Therefore, it is possible to provide commercial products in which
rapidly changing fashionable colors and patterns are accurately
captured in a short delivery period, and to reduce defective
inventory and make effective use of resources, and hence, to reduce
the cost of sewn products in which the functional fiber is
used.
[0040] Although a preferred embodiment of the present invention has
been described above, the present invention is not limited to the
present embodiment, and various changes and modifications may be
adopted therein without departing from the scope of the
invention.
Examples
[0041] Hereinafter, the present invention will be described in
detail with reference to various examples thereof. However, the
present invention is not limited to such examples.
[0042] A description will be given concerning examples of
functional fibers obtained by forming the silicone elastomer film
containing aluminum oxide particles on the following fiber
materials.
[0043] A fiber material made from a material A of 100% cotton was
used in the states of a woven fabric A1 and a knitted fabric A2.
The woven fabric A1 was a satin fabric containing 173 warp yarns
per inch prepared using No. 60 single yarn, and containing 84 weft
yarns per inch prepared using No. 40 single yarn.

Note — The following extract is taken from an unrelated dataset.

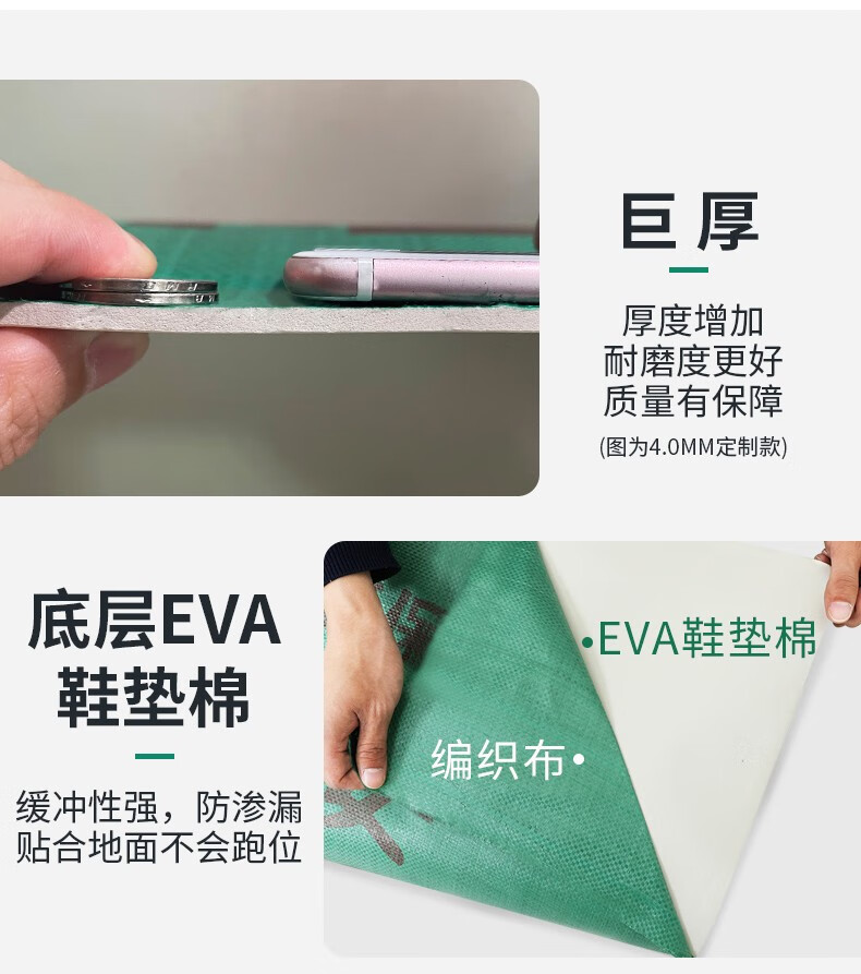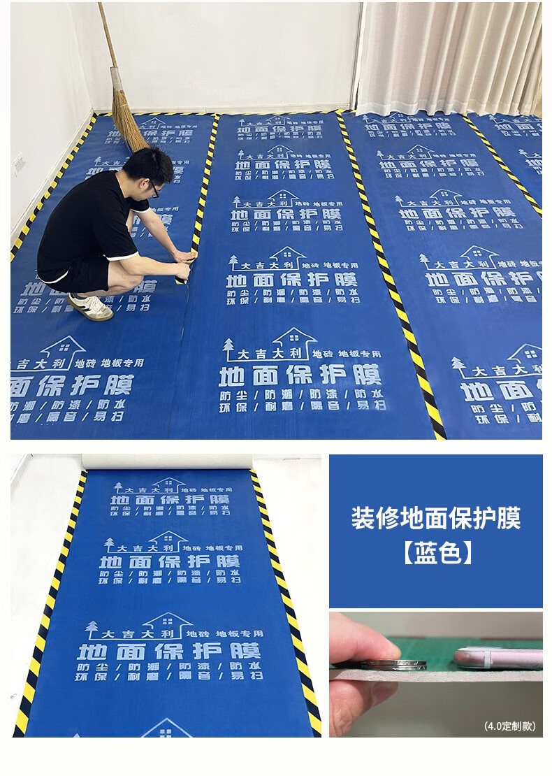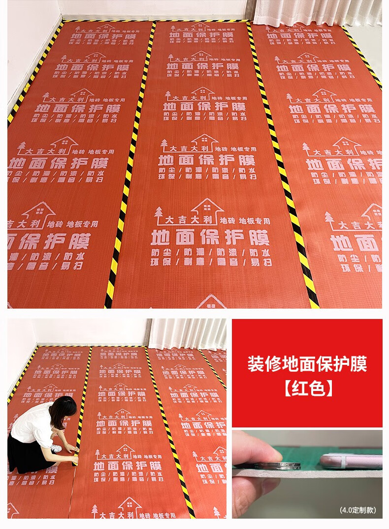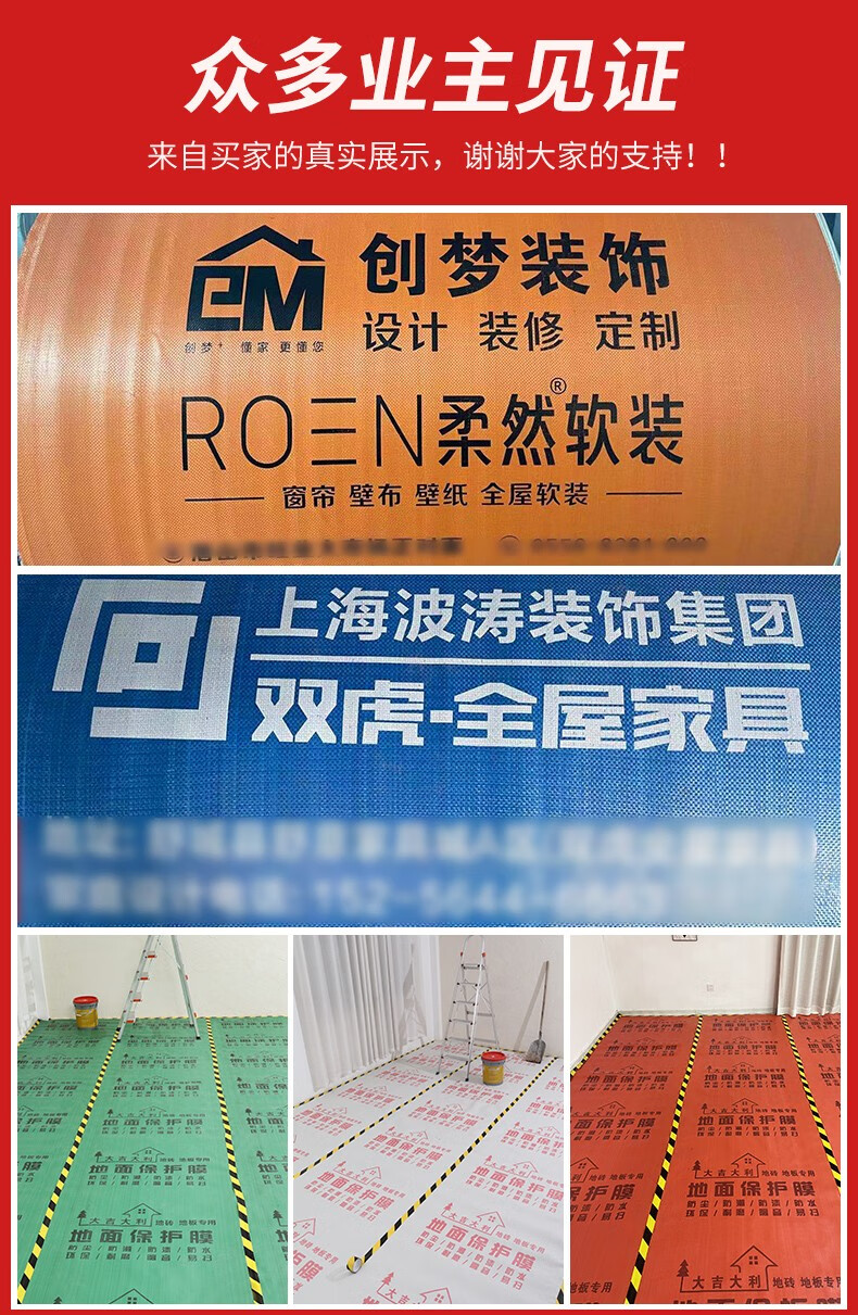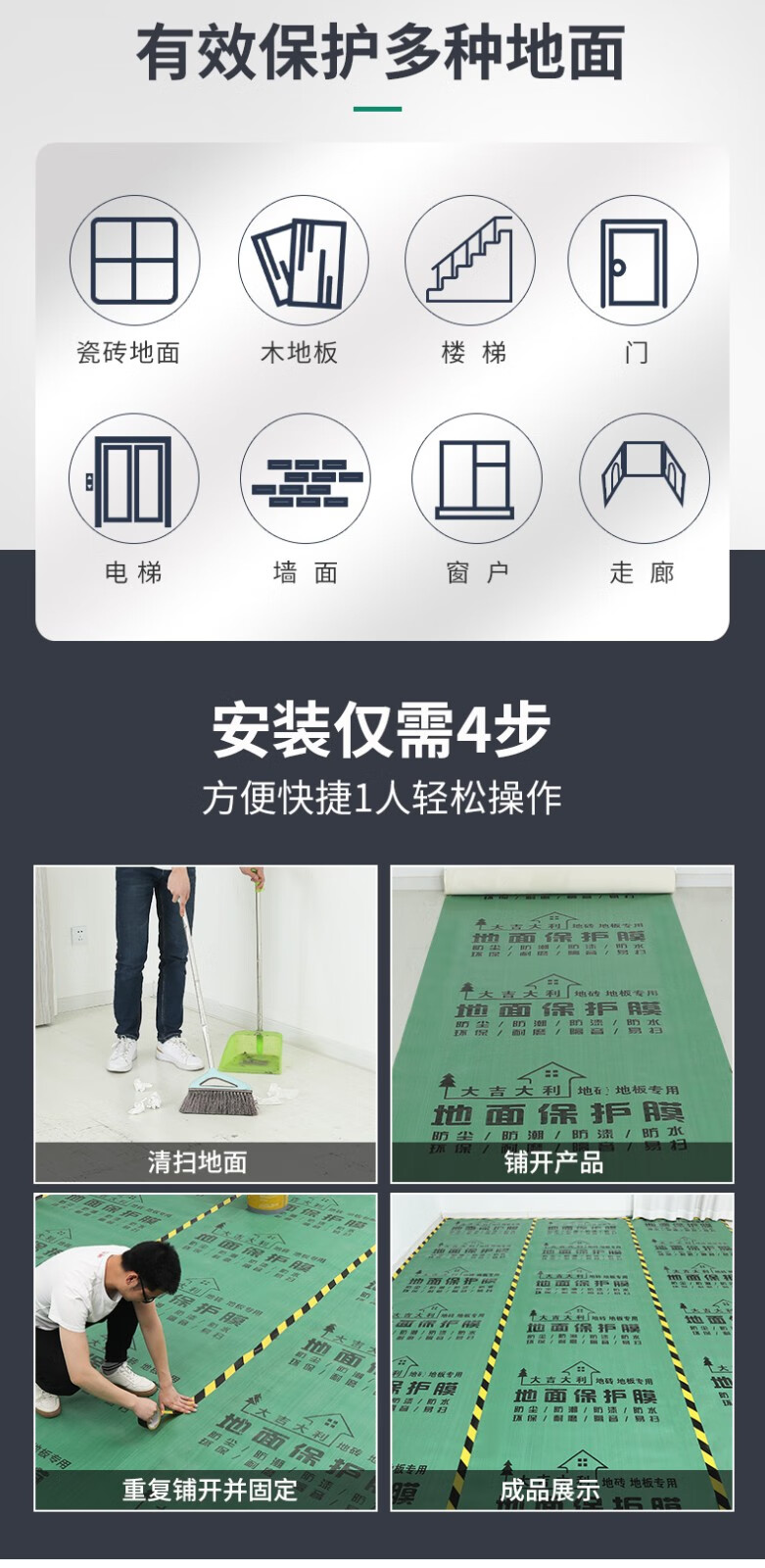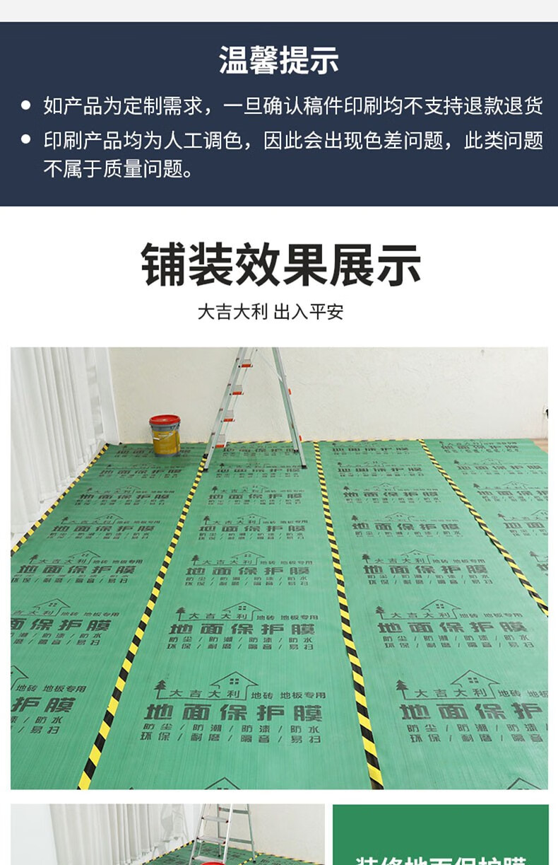 Wuyang Chongfu floor protective film decoration 2mm tile protective film thickened and wear-resistant 4mm wooden floor tile protective film customized 1.2 meters wide double-layer woven cloth green 100 square meters EVA cotton thick 2.0mm 10 rolls of tape + knife

The knitted
fabric A2 was a circular rib fabric prepared using No. 40 single
yarn at 18-gauge, 30 inches.
[0044] A fiber material made from a material B was prepared by
blending cotton and Tencel at a ratio of 80 to 20 in the state of a
knitted fabric B1. The knitted fabric B1 was a circular rib fabric
prepared using No. 40 single yarn at 19-gauge, 18 inches.
[0045] Among the fiber materials, initially, desizing, scouring,
and bleaching were carried out on the woven fabric A1. Further,
initially, desizing, scouring, bleaching, dehydration, and drying
were carried out respectively on the knitted fabrics A2 and B1.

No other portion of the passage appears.